Call this creek Melodius, our name for a stream that skips like a light-footed child. Melodius sings into the Metolius, and that’s all I’ll say. Some places have to be kept secret. I’d come here with Wes and our dog Pepper to set up camp away from people. For two days, I alternated writing at the camp table with nearby strolls in a sensory inventory, inspired by the finely tuned nature author David Haskell.

In the cool of morning, I brush through ferns, ocean spray, and wild rose, and climb over fallen trees blackened by wildfire. The creek is a syncopated ripple over stones. Sunlight slants into the fine-webbed globe of a salsify seedhead, the size of a baseball.
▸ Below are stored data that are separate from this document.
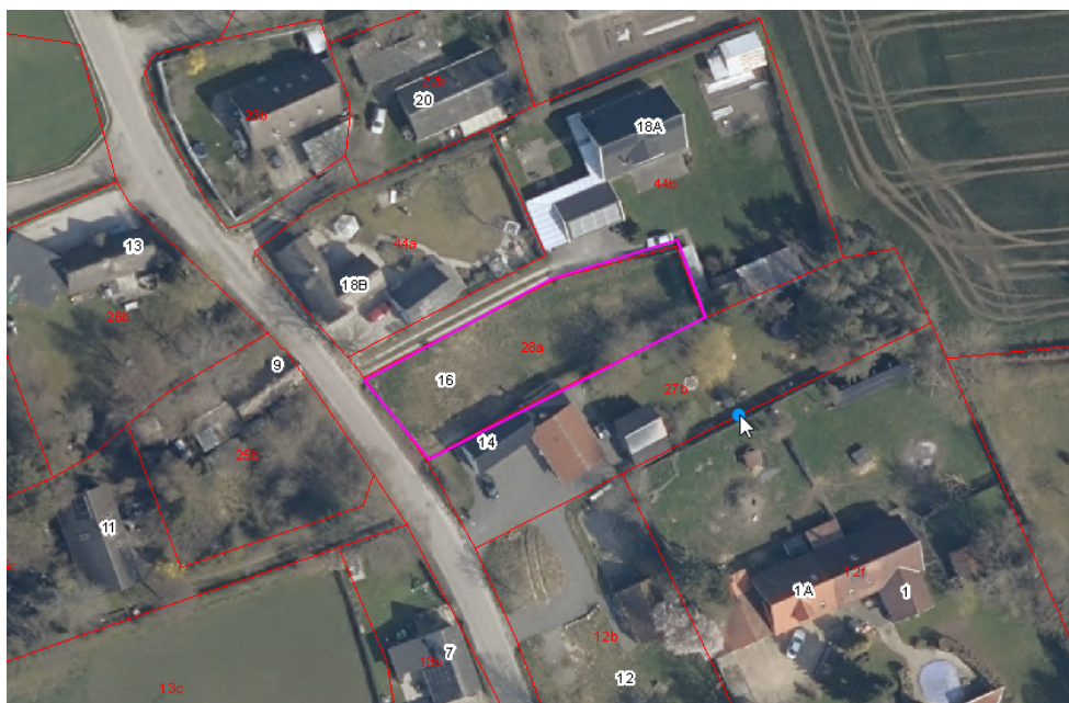
Oversigtskort: viser matriklen

Husets arkitektur passer ind i omgivelserne, men har samtidig en form for nyfortolkning af det klassiske længehus.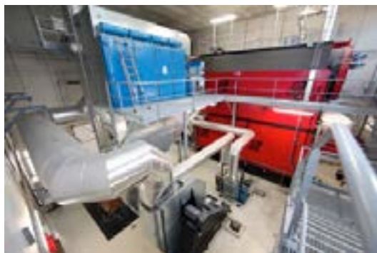
La chaufferie bois de 7,7 MW du quartier de La Gauthière

La densification ou l'extension du réseau de chaleur en dehors du périmètre délégué est une solution intéressante pour améliorer son équilibre financier. La réalisation d'un schéma directeur du réseau recense les souhaits de raccordements des bailleurs sociaux, industriels ou autres acteurs privés proches. Cette opportunité leur permet de réduire le montant de leur Contribution Climat Energie et d'alléger leurs contraintes réglementaires en sous-traitant une partie de la production d'énergie. Un travail de pédagogie est cependant nécessaire pour expliquer le fonctionnement contractuel, technique et financier du réseau.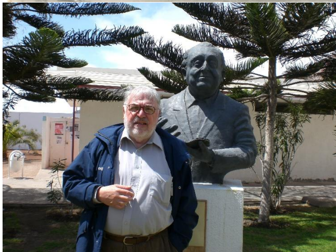
Busto de Andrés Sabella en la Universidad Católica del Norte, Antofagasta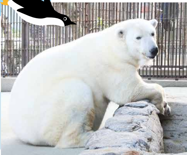
ホッキョクグマのピース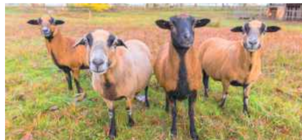
Owce kaukaskie są cenione za produkcję wysokiej jakości wełny i dużą wytrzymałość na trudne warunki klimatyczne.

– Na drogę nie wychodzą, bo przebiegają blisko prywatnych kamieniołomów. Można je zobaczyć rano, przejeżdżając ulicą Lipową na Dębniaki w Gęsińcu. Wodę piją na dole w wyrobisku. Dzikich psów już nie ma, więc hasają. Gdy podejdziesz bliżej, uciekają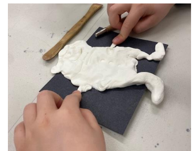
Élève en pleine création au printemps 2023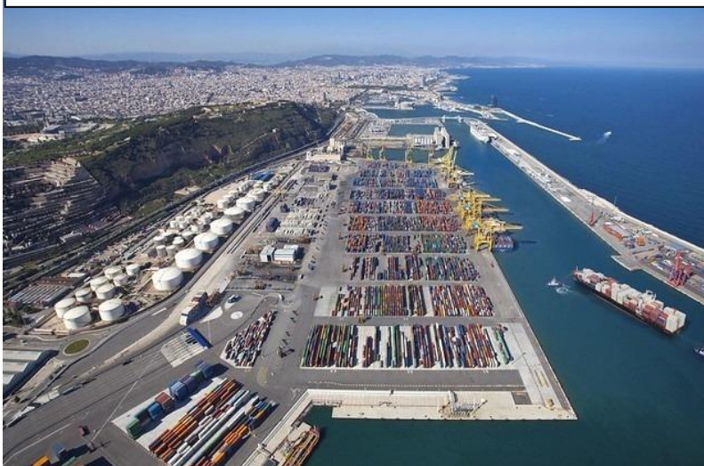
სურათი #10. ფოთის პორტი და ნავმისადგომი

მანქანებს, კომპიუტერებს, ტელეფონებს. აქედან გააქვთ უცხოეთში ქართული პროდუქტები: ღვინოები, სასმელი წყლები, ოქრო და მარგანეცი. ტვირთების რაოდენობა ყოველ წელს იზრდება. მათ ამწეებით უზიდებიან. ფოთის პორტში ოცზე მეტი საპორტო ამწე მუშაობს - უყვებოდა ბიჭებს ლალი.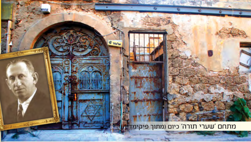
מתחם 'שערי תורה' כיום (מתוך פיקודת

על תולדות הת"ת ובית המלאכה נכתבו פרקים מספר; אך בשורות אלו בכוונתנו להאיר ולתת את הדעת דווקא על הספר "הלב הטוב שיצק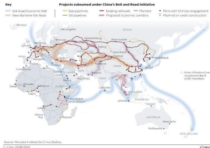
FIGURE 1. REVIVING THE SILK ROAD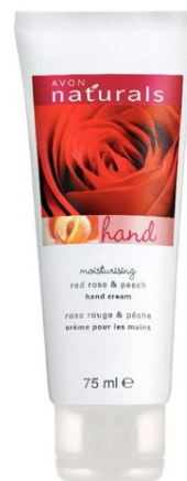
Крем для рук «Красная роза и Персик» серии Naturals код 79128

Эффективно увлажняет и смягчает кожу рук.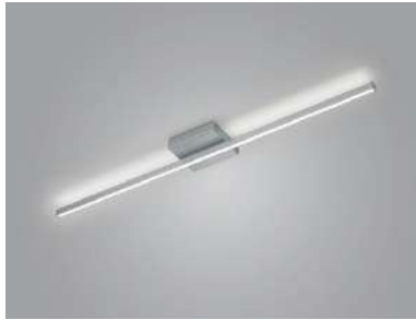
91.366.xx 44 W LED, 5.089 lm, 2.700 K EEL-F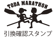
引換確認スタンプ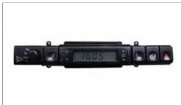
Défaut de pixels ou de segments, affichage qui s'estompe

> Défaut de pixels ou de segments, affichage qui s'estompe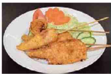
オクラと豚肉の榮養たっぷり串カツ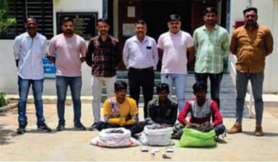
હોવાની ફરિયાદ નોંધાઈ હતી. જ્યારે ચોરીનો ત્રીજો બનાવ તા. ૨૦/૦૫ના રોજ બપોરના સમયે અમરેલી બાયપાસ ચોકડી પાસે મહિન્દ્રા ટ્રેક્ટરના શો-રૂમની સામે આવેલી વાડીમાં બન્યો હતો. ત્યાંથી તસ્કરો રૂ. ૧૨,૦૦૦ની

આશરે ૨૮૦ ફૂટ લાંબો કોપર વાયર, જેની કિંમત રૂ. ૨૮,૦૦૦ થાય છે, તેની ચોરી કરી નાસી છૂટ્યો હતો. આ જ વિસ્તારમાં ચક્કરગઢ રોડ, પાણાખાણવાળા રસ્તે આવેલી અન્ય એક વાડીઓને પણ તસ્કરોએ એ જ રાત્રિ દરમિયાન નિશાન બનાવી હતી. ત્યાંથી સબમશિંચલ મોટર સાથે જોડેલો કુલ ૧૮૫ ફૂટ કોપર વાયર (કિંમત રૂ. ૧૮,૫૦૦) ચોરી ગયા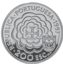
Irmão Bento de Góis Autores: Isabel Carriço e Fernando Branco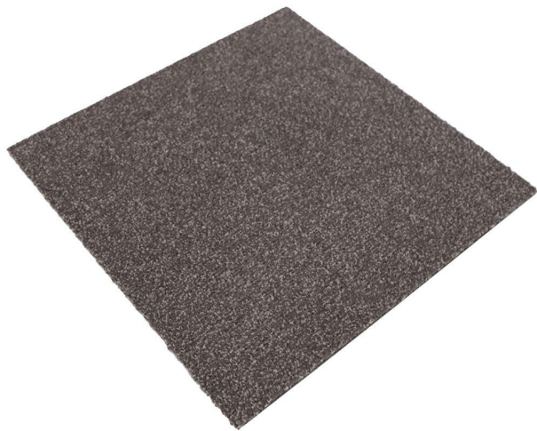
コーラルクラシックタイル（吸水）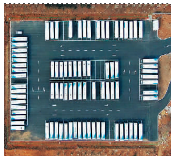
3月24日,沈阳公交系统暂停,这是在沈阳公交车停车场拍摄的公交车。

小区封闭、公交地铁停运、全市居家办公……24日的沈阳是没有早高峰的一天。从这一天起,沈阳按下为期7天的暂停键,连续开展三轮全员核酸检测。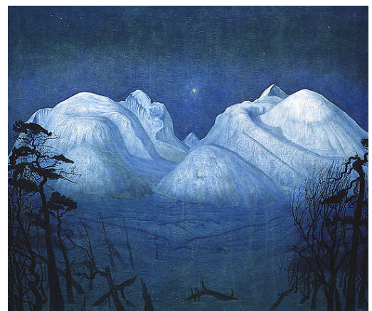
Vinternatt i Rondane (1914)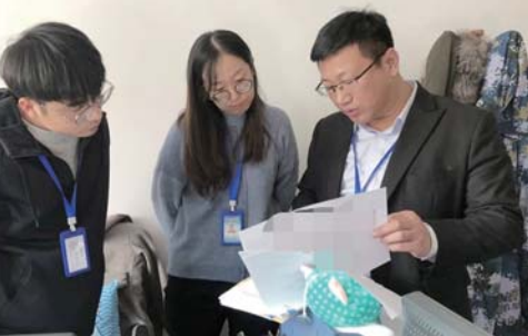
▲图为泽库镇纪委对审结案卷开展全面检查。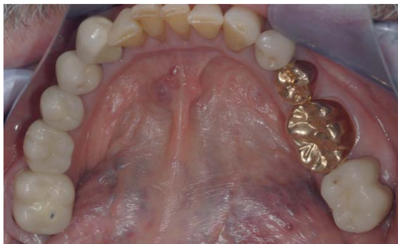
Abb. 1: Patient mit fehlendem „Saliva pooling“ aufgrund von Mundtrockenheit.

Die Auswertung der im Anamnesebogen integrierten Fragen kann mittels der „Likert-Skala“ durchgeführt werden, welche in drei Stufen unterteilt ist. So gilt für die Beantwortung der Fragen mit einem „nie“ der Wert 1, für die Beantwortung „ab und an“ der Wert 2 und für die Beantwortung „oft/häufig“ der Wert 3. Für die Auswertung der Fragestellungen wird der Wert in der Summe gerechnet, um den Grad der subjektiven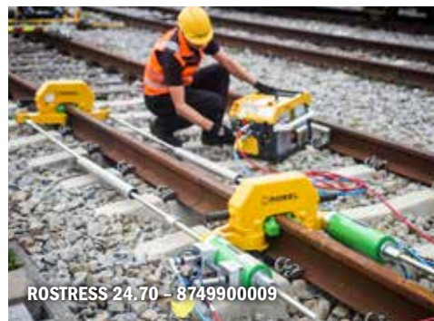
ROSTRESS 24.70 – 8749900009

Modulární koncepce k dosažení neutrálního napětí v kolejnici při svařování a napínání kolejnic.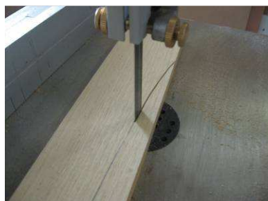
Découpe des cadres

Ils sont débités dans des sections de 80 x 12 mm. Les arrondis inférieurs sont réalisés à la scie à ruban, le premier morceau de chaque côté sert de gabarit pour tracer les autres, et je me suis servi d'un régllet souple pour tracer les premiers. Le début et la fin du traçage commencent à l'arête de chaque pied.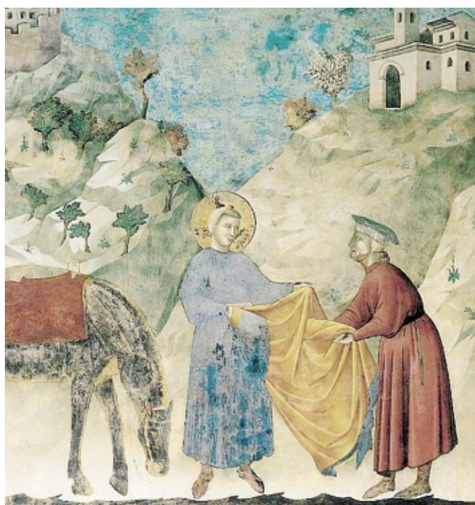
«Il dono del mantello» di Giotto, affresco della Basilica di Assisi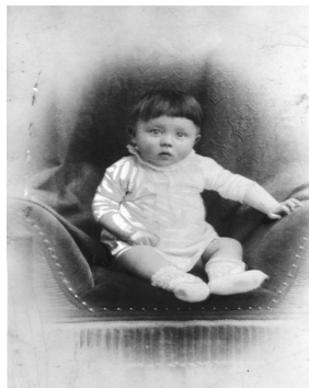
Adolf kot dojenček

Adolf Hitler se je rodil 20. aprila 1889 v mestu Braunau am Inn v deželi Zgornja Avstrija (tedanja Avstro- Ogrska). Oče Alois Hitler je bil carinski uradnik, mati je bila Klara Polzl. Oče je imel skupaj šest otrok od tega so le Adolf in najmlajša sestra Paula odrasli.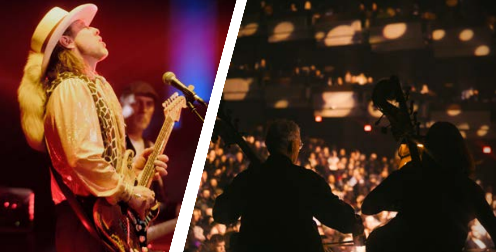
SRV Hommage à Stevie Ray Vaughan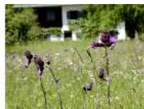
Lin.V, Blumendetail vor Königshäuschen, DI005574, BSV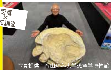
恐竜 × 化石調査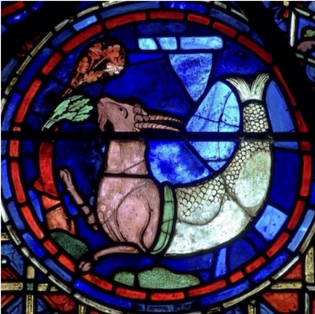
Le capricorne : vitrail de la cathédrale de Chartres

Le troisième aspect est celui du Verseau. Mais regardez un peu l'ancien signe du Verseau ; il ne représente pas quelqu'un qui barbote dans l'eau ; dans la vraie représentation zodiacale, on voit quelqu'un marcher sur la terre ferme, dans un pré ou dans un champ qu'il fume en y versant de l'eau fertilisante. C'est l'homme qui représente le cultivateur, ce troisième métier que l'on pratiquait en ces temps primitifs où l'on avait un savoir instinctif de ces rapports-là : métiers de chasseur, de berger, de cultivateur.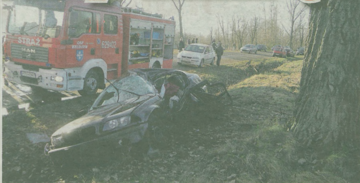
21-letni mieszkaniec Tarnowej zmarł kilka godzin po wypadku, do którego doszło dzień przed wigilią.

Turkowska prokura wyjaśnia przyczyny tragedii. ił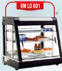
GM LD 601

Up close, I note stems radiating from the center to form saucer-shaped, filamentous seeds that are feather light, an offering to the winds. Take me. Sail me to my planting place.

Western Salsify is a dandelion-like wildflower.

The scent of seven a.m. is smoky charcoal of old fire and a faint hint of humus and fir incense. Two hours later, the sun heats the kiln of forest aromas– a mingle of resinous firs, vanilla wafting from elder ponderosas, of cedar, spicy larch needles, and all laced in a sweetness of blooms. Looking skyward, I’m spiring up like a larch snag spearing the azure sky.

Crinkle the frilled edge of a bracken fern. Inhale the cut-grass hay and celery scent. Whirl back in time. I’m nine-years-old, and scrambling through bracken thickets to find the blackberry bushes, where my brothers and I will pick the juicy, sweet purple berries and stain our fingers, tongues, and chins. We’re close by our home, outside Mt. Rainier National Park, and the day is hot and the ferns press a memory keepsake.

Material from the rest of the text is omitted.